### Information shown
------
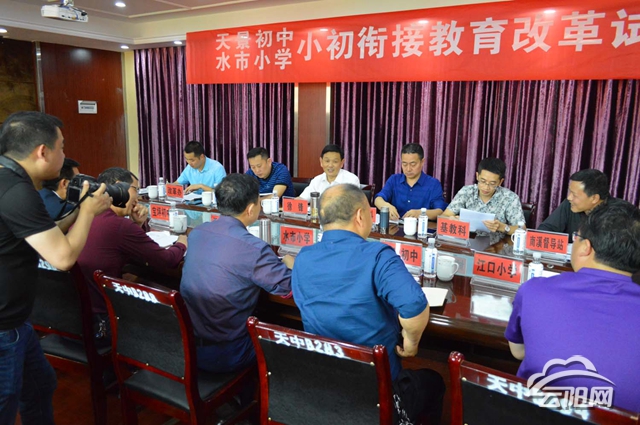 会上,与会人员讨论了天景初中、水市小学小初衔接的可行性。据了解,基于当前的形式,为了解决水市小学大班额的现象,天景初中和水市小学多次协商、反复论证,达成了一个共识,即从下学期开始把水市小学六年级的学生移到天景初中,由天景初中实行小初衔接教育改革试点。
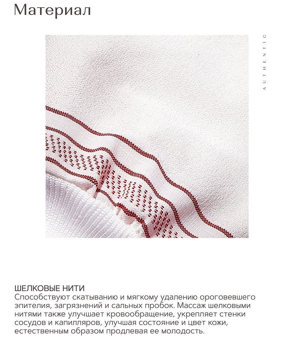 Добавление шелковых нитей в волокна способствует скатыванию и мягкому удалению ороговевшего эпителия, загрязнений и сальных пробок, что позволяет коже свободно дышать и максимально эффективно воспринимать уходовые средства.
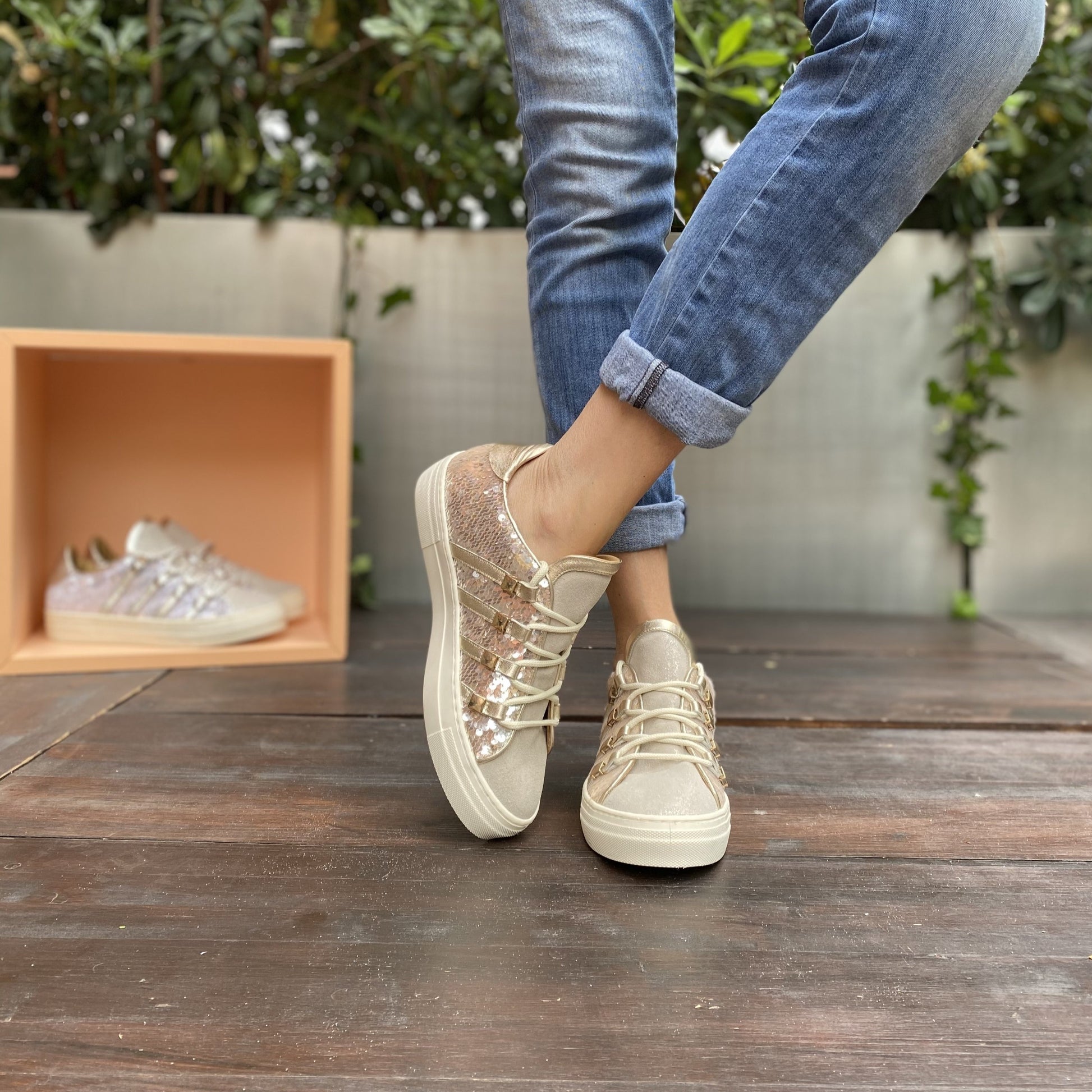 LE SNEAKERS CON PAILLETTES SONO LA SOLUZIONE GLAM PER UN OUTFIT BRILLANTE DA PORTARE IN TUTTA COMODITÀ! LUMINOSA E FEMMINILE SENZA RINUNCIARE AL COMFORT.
------
Write out the material above again, word for word, minus its pictures.

 会上,与会人员讨论了天景初中、水市小学小初衔接的可行性。据了解,基于当前的形式,为了解决水市小学大班额的现象,天景初中和水市小学多次协商、反复论证,达成了一个共识,即从下学期开始把水市小学六年级的学生移到天景初中,由天景初中实行小初衔接教育改革试点。
 Добавление шелковых нитей в волокна способствует скатыванию и мягкому удалению ороговевшего эпителия, загрязнений и сальных пробок, что позволяет коже свободно дышать и максимально эффективно воспринимать уходовые средства.
 LE SNEAKERS CON PAILLETTES SONO LA SOLUZIONE GLAM PER UN OUTFIT BRILLANTE DA PORTARE IN TUTTA COMODITÀ! LUMINOSA E FEMMINILE SENZA RINUNCIARE AL COMFORT.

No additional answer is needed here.